SALSA: Semantically-Aware Latent Space Autoencoder

Kathryn E. Kirchoff,Travis Maxfield,Alexander Tropsha,Shawn M. Gomez

2023-10-04

Abstract:In deep learning for drug discovery, chemical data are often represented as simplified molecular-input line-entry system (SMILES) sequences which allow for straightforward implementation of natural language processing methodologies, one being the sequence-to-sequence autoencoder. However, we observe that training an autoencoder solely on SMILES is insufficient to learn molecular representations that are semantically meaningful, where semantics are defined by the structural (graph-to-graph) similarities between molecules. We demonstrate by example that autoencoders may map structurally similar molecules to distant codes, resulting in an incoherent latent space that does not respect the structural similarities between molecules. To address this shortcoming we propose Semantically-Aware Latent Space Autoencoder (SALSA), a transformer-autoencoder modified with a contrastive task, tailored specifically to learn graph-to-graph similarity between molecules. Formally, the contrastive objective is to map structurally similar molecules (separated by a single graph edit) to nearby codes in the latent space. To accomplish this, we generate a novel dataset comprised of sets of structurally similar molecules and opt for a supervised contrastive loss that is able to incorporate full sets of positive samples. We compare SALSA to its ablated counterparts, and show empirically that the composed training objective (reconstruction and contrastive task) leads to a higher quality latent space that is more 1) structurally-aware, 2) semantically continuous, and 3) property-aware.

Machine Learning

What problem does this paper attempt to address?
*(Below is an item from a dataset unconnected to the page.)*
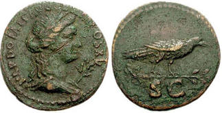 DOMITIAN. 81-96 AD. Semis. (19mm, 2.70 gm). Struck 90-91 AD. Laureate and draped bust of Apollo right; branch before / Raven standing right on branch. RIC II 398a; Cohen 527. (Image courtesy CNG) | |
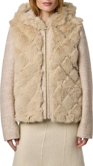 Plush diamond-patterned faux fur combines with woolly bouclé in this cozy hooded jacket that's a standout layer for cold-weather dressing.

This paper mainly discusses the deep learning problem in drug discovery, particularly how to learn meaningful molecular representations with semantic meanings by improving the Sequence-to-Sequence Autoencoder. The authors observed that the autoencoder trained solely on simplified molecular input line entry system (SMILES) is unable to learn representations that reflect molecular structural similarity. SMILES is a text sequence used for representing chemical structures. The paper proposes a new model called SALSA (Semantic Aware Latent Space Autoencoder), which is a Transformer autoencoder combined with a contrastive learning task. The contrastive learning task aims to map structurally similar molecules (i.e., molecules with a graph edit distance difference of one) to close encodings in the latent space. To achieve this, the researchers created a new dataset containing pairs of structurally similar molecules and used supervised contrastive loss, which can handle multiple positive samples. SALSA is compared with two ablation models (simple SMILES autoencoder and contrastive encoder), and the results show that SALSA has a higher quality latent space that is more focused on structure, semantic continuity, and attribute awareness. Through these improvements, SALSA is able to better capture the semantics of molecular data, which is crucial for tasks such as property prediction and new molecule generation. In summary, the problem addressed in this paper is how to improve deep learning models to learn meaningful latent representations that reflect molecular structure and chemical properties, in order to improve the performance of key tasks in drug discovery.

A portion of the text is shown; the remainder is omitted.